How does the data below read from its first line through the line containing "Les façades double"? Print those lines exactly.

/---

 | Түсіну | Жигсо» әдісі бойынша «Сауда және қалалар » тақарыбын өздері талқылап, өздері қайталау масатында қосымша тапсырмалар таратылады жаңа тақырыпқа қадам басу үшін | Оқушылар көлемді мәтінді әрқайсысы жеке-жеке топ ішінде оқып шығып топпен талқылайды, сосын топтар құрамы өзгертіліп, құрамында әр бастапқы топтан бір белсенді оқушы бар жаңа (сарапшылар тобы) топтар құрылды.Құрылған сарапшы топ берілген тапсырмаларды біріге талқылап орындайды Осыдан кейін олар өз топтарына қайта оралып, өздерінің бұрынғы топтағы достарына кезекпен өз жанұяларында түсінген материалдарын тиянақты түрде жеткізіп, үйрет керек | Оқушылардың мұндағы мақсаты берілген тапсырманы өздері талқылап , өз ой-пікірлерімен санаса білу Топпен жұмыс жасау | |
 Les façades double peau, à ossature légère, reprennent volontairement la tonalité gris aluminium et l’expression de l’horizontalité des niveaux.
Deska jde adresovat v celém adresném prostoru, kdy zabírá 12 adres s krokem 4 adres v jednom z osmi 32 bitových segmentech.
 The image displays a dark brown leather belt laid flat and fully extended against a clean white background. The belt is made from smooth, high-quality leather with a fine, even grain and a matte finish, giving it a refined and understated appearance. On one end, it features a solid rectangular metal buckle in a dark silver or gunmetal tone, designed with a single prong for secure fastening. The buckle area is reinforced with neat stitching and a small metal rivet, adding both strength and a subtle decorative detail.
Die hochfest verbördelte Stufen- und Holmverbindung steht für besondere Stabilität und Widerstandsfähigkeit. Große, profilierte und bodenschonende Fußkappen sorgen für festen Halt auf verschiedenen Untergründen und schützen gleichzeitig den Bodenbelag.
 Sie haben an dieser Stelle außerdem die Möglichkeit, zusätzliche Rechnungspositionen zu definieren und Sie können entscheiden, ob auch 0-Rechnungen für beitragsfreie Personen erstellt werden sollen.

\---

THE COMPLETED TASK |
 | Түсіну | Жигсо» әдісі бойынша «Сауда және қалалар » тақарыбын өздері талқылап, өздері қайталау масатында қосымша тапсырмалар таратылады жаңа тақырыпқа қадам басу үшін | Оқушылар көлемді мәтінді әрқайсысы жеке-жеке топ ішінде оқып шығып топпен талқылайды, сосын топтар құрамы өзгертіліп, құрамында әр бастапқы топтан бір белсенді оқушы бар жаңа (сарапшылар тобы) топтар құрылды.Құрылған сарапшы топ берілген тапсырмаларды біріге талқылап орындайды Осыдан кейін олар өз топтарына қайта оралып, өздерінің бұрынғы топтағы достарына кезекпен өз жанұяларында түсінген материалдарын тиянақты түрде жеткізіп, үйрет керек | Оқушылардың мұндағы мақсаты берілген тапсырманы өздері талқылап , өз ой-пікірлерімен санаса білу Топпен жұмыс жасау | |
 Les façades double peau, à ossature légère, reprennent volontairement la tonalité gris aluminium et l’expression de l’horizontalité des niveaux.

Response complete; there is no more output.